Violeta’s account of her life seeks to recreate the instability and a chronology of memory in life-writing. The only organising principle seems to be a straightforward chopping of a 100-year timeline into roughly twenty-year chunks: “Exile”, “Passion”, “Absence” and “Rebirth”. This is a fictional memoir that Violeta asserts is “worthy of a novel”. Allende has acknowledged that the inspiration for the book was her mother’s death and the outcome seems to be a strange hybrid of her first novel and the memoir she wrote to come to terms with her daughter’s death. More than anything else, this book seems to be a therapeutic exercise. Allende’s attempt at writing about her mother’s death looks like an attempt to understand her own and must be read as such since without the context of the real lives, the fictional life loses all resonance.

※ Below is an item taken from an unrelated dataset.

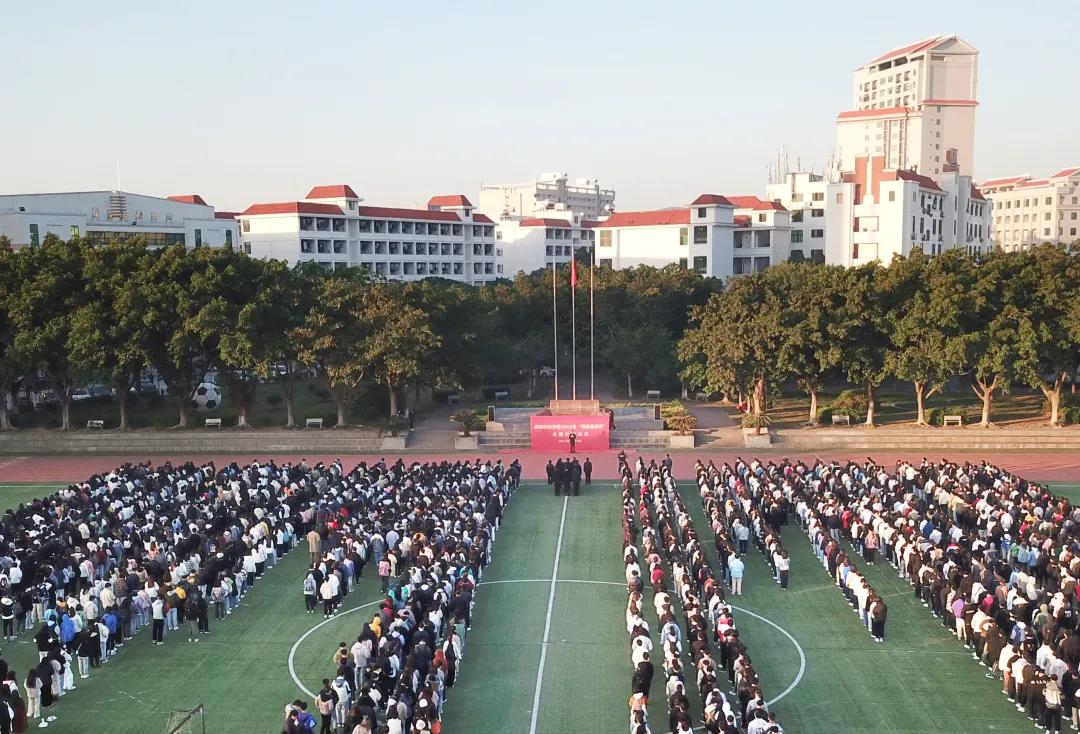 12月3日上午7时,九体育在线平台2021年“宪法宣传周”主题升旗仪式在康美校区田径场隆重举行。校领导游小波、周勇军、林树生、邱永渠,全体教职工以及2021级新生(含专升本)共2000余人参加了升旗仪式。升旗仪式由校党委副书记林树生主持。

But as Virginia Woolf said about trying to reread Victorian novels, “[f]irst, there is the boredom of it.” It is remarkable how utterly banal all of Violeta’s life is. Not a phrase lingers, not an image arrests. The book seems to be transcribed from a dreary interview with a bad storyteller. Perhaps this is intentional, but Violeta does not have a personality or a rich internal life. She just sounds tired. The deadpan tone that works so well with magic realism in eliciting wonder, a deeper understanding of the world, and biting satire does not transport without actually adding the literally magical to the deadly dull realm of the real. Bits of indigenous miracle-working and a few hallucinations as Violeta awaits death elicit neither wit nor wonder. The lack of polyphony in such a crowded story is faintly shocking, really. Talking about her first sexual encounter, Violeta says, “[i]t’s hard to describe the contradictory emotions that flooded me in that moment, Camilo, because desire fades with time and that kind of lust seems absurd to me now, like some psychotic episode that happened to another person.” A novel works because it manages to become our story as much as the characters’ or the author’s. In its anxiety to document a century of South American history and work through the grief of a personal loss, this book, unfortunately, remains as something that happens only to other people.